We plan to publish examples of multi-host inference that leverages LeaderWorkerSets - https://github.com/kubernetes-sigs/lws - which helps run ranked serving workloads across hosts. LeaderWorkerSet is how Google supports both TPU and GPU multi-host deployments - see https://github.com/kubernetes-sigs/lws/blob/main/config/samp... for an example.

Edit: Here is an example Kubernetes configuration running DeepSeek-R1 on vLLM multi-host using LeaderWorkerSet https://github.com/kubernetes-sigs/wg-serving/blob/main/serv.... This work would be integrated into llm-d.

rdli•9mo ago
This is really interesting. For SOTA inference systems, I've seen two general approaches:

* The "stack-centric" approach such as vLLM production stack, AIBrix, etc. These set up an entire inference stack for you including KV cache, routing, etc.

* The "pipeline-centric" approach such as NVidia Dynamo, Ray, BentoML. These give you more of an SDK so you can define inference pipelines that you can then deploy on your specific hardware.

It seems like LLM-d is the former. Is that right? What prompted you to go down that direction, instead of the direction of Dynamo?

qntty•9mo ago
It sounds like you might be confusing different parts of the stack. NVIDIA Dynamo for example supports vLLM as the inference engine. I think you should think of something like vLLM as more akin to GUnicorn, and llm-d as an application load balancer. And I guess something like NVIDIA Dynamo would be like Django.
smarterclayton•9mo ago
llm-d is intended to be three clean layers:

1. Balance / schedule incoming requests to the right backend

2. Model server replicas that can run on multiple hardware topologies

3. Prefix caching hierarchy with well-tested variants for different use cases

So it's a 3-tier architecture. The biggest difference with Dynamo is that llm-d is using the inference gateway extension - https://github.com/kubernetes-sigs/gateway-api-inference-ext... - which brings Kubernetes owned APIs for managing model routing, request priority and flow control, LoRA support etc.

rdli•9mo ago
I would think that that the NVidia Dynamo SDK (pipelines) is a big difference as well (https://github.com/ai-dynamo/dynamo/tree/main/deploy/sdk/doc...), or am I missing something?
smarterclayton•9mo ago
That's a good example - I can at least answer about why it's a difference: different target user.

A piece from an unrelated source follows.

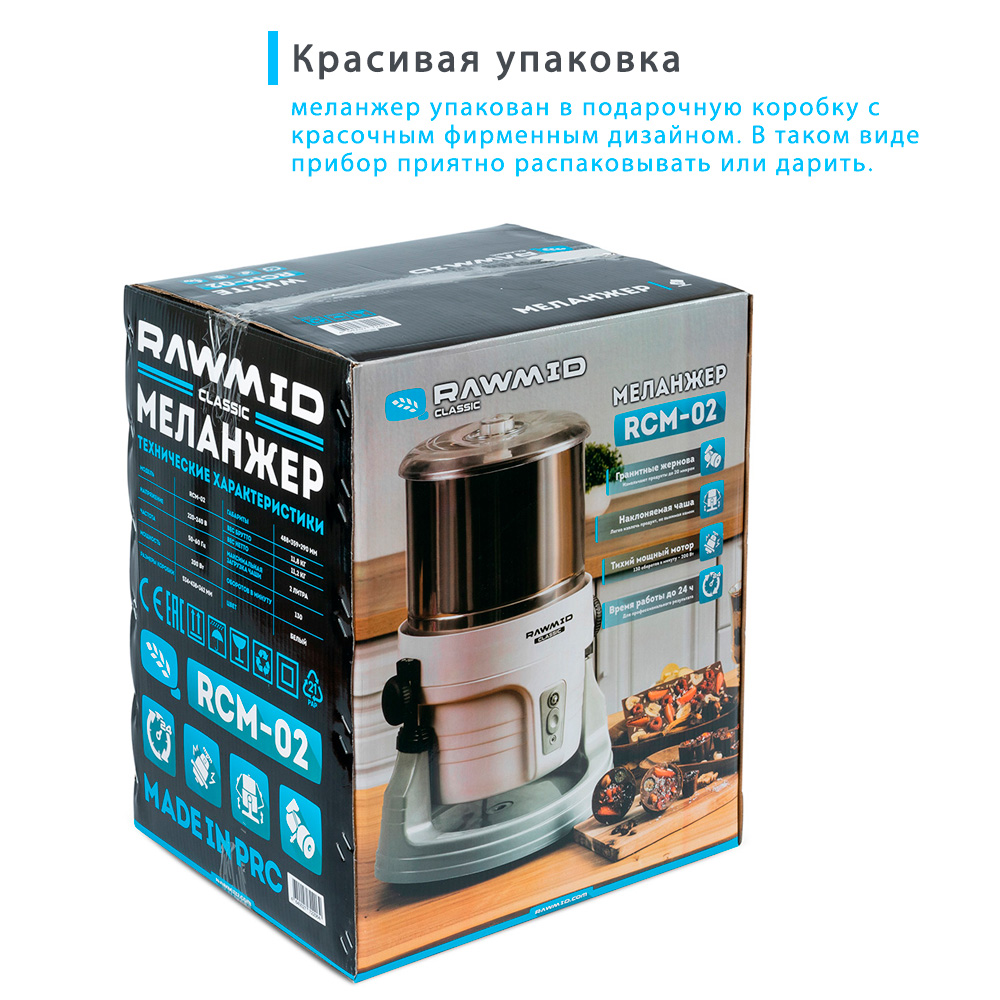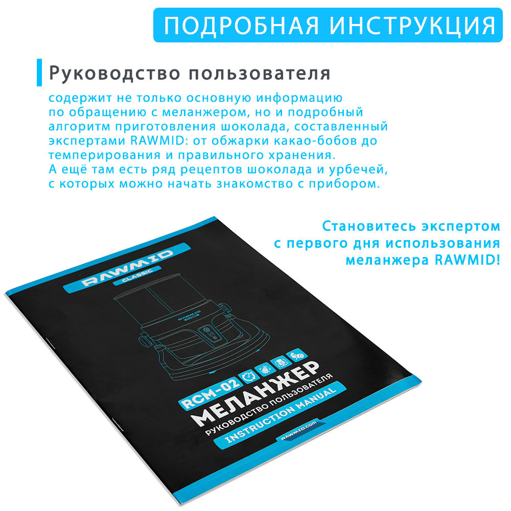 В комплект меланжера RAWMID входит подробная инструкция на русском языке. Помимо технической информации, в инструкции содержится подробный алгоритм приготовления шоколада со всеми тонкостями и нюансами, что позволит вам стать экспертом уже с первого дня использования. А ещё там есть ряд рецептов, с которых можно начать знакомство с возможностями меланжера.

As I understand the Dynamo SDK it is about simplifying and helping someone get started with Dynamo on Kubernetes.

From the user set we work with (large inference deployers) that is not a high priority - they already have mature deployment opinions or a set of tools that would not compose well with something like the Dynamo SDK. Their comfort level with Kubernetes is moderate to high - either they use Kubernetes for high scale training and batch, or they are deploying to many different providers in order to get enough capacity and need a standard orchestration solution.

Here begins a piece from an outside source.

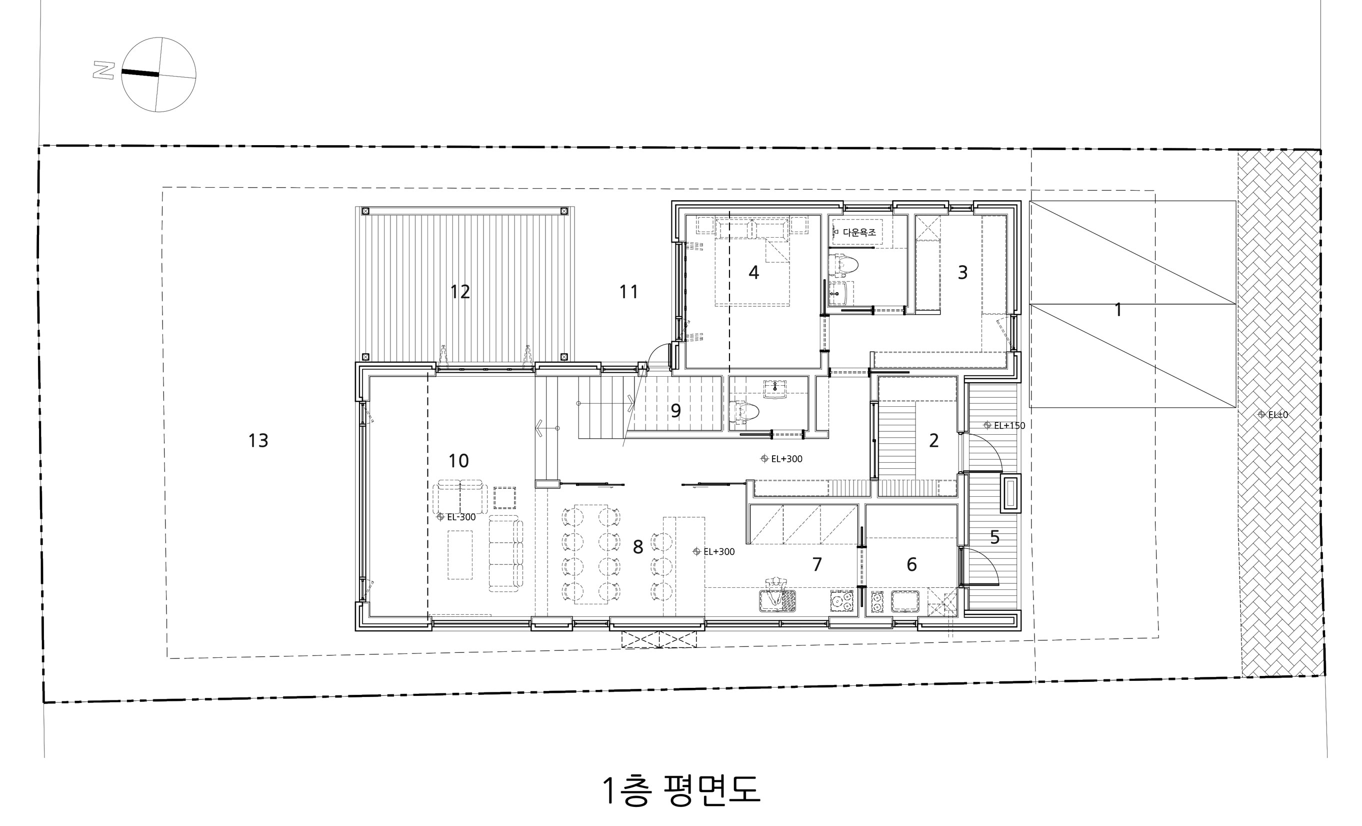 1층의 안방은 조망이 좋은 북쪽에 배치를 하고 서비스 공간(화장실 및 드레스룸)을 남쪽에 배치하여 도로로부터의 프라이버시를 확보하였다.

llm-d focuses on helping achieve efficiency dynamically at runtime based on changing traffic or workload on Kubernetes - some of the things the Dynamo SDK encodes are static and upfront and would conflict with that objective. Also, large deployers with serving typically have significant batch and training and they are looking to maximize capacity use without impacting their prod serving. That requires the orchestrator to know about both workloads at some level - which Dynamo SDK would make more difficult.

rdli•9mo ago
In this analogy, Dynamo is most definitely not like Django. It includes inference aware routing, KV caching, etc. -- all the stuff you would need to run a modern SOTA inference stack.
qntty•9mo ago
You're right, I was confusing TensorRT with Dynamo. It looks like the relationship between Dynamo and vLLM is actually the opposite of what I was thinking -- Dynamo can use vLLM as a backend rather than vice versa.
Kemschumam•9mo ago
What would be the benefit of this project over hosting VLLM in Ray?